The UPLB Museum of Natural History got a real treat from the showbiz world in time for its 40th anniversary celebration last 30 September. Singer-performer Leah Navarro, a pop sensation in the 1980s graced the closing of the Museum's anniversary week and introduced the film "To Live and Be Free."

At the start of her talk, Navarro said “thank you for the invitation to introduce a film in which she merely played a small part, but of which she is extremely proud of."

“I am really in awe and very honored to be at the Museum of Natural History,” she added.

According to Ms. Navarro, her involvement in the film in 1978 was just a coincidence because a relative who was working for Philippine Airlines asked her to be involved as film narrator. Philippine Airlines then was funding a documentary film by the National Geographic Society on the Philippine Eagle.

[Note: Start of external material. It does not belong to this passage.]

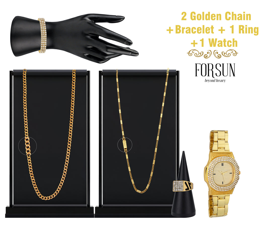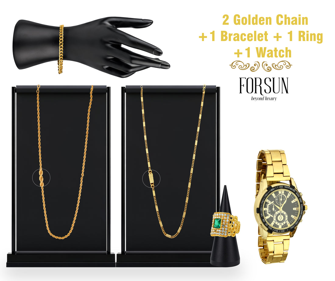 Combo of Golden Watch + 2 Golden Chain + Bracelet + Diamond Ring

"I said yes, not because I wanted to have it in my resume, but because I grew up reading on National Geographic Magazines from cover to cover, and I was fascinated with wildlife" she recounted. Back then Navarro already had a growing career as a singer.

Navarro became a part of a small documentation team, and with the guidance of the experts in the team, was able to write the spiels and narrated the film.

“Firstly, I am forever grateful to Dr. Dioscoro S. Rabor, for teaching me the effects of kaingin on our forestlands and the wildlife that live in there,” Navarro intimated.

Through the film, Leah Navarro had the chance to work with people who eventually became giants in their own fields of expertise —world-renowned, multi-awarded and Emmy Award-winning wildlife photographer/cinematographer Neil Rettig; Robert S. Kennedy, author of the ornithologists bible “A Guide to the Birds of the Philippines,” and the Philippine Eagle Foundation’s Director Dennis Salvador.

"To Live and Be Free" was finally released in 1981 after several production delays because of the security problems in Mindanao.

In her introduction, Navarro spoke “the Philippine Eagle, Pithecophaga jefferyi, is the star of the documentary, and we were just all the supporting staff,” Navarro said.

“We describe our national bird as strong, noble, majestic and surprisingly gentle. To me, the Philippine Eagle is a continuing inspiration despite deliberate and unintended poaching, trophy-hunting, habitat encroachment. This beautiful bird fights with beak and talons for its survival,” she added.

In her ending, Navarro said that “the eagle is a symbol of our freedom, in constant danger of extinction. Like what a Filipino song popularized near the end of Martial Law says, we are not meant to live incarcerated by any person, belief or state of mind. We are meant to thrive in concert with Nature, restricted only by respect for it and for one another.”

“Like the Philippine Eagle,” Navarro pointed out, “we are meant to live and be free.”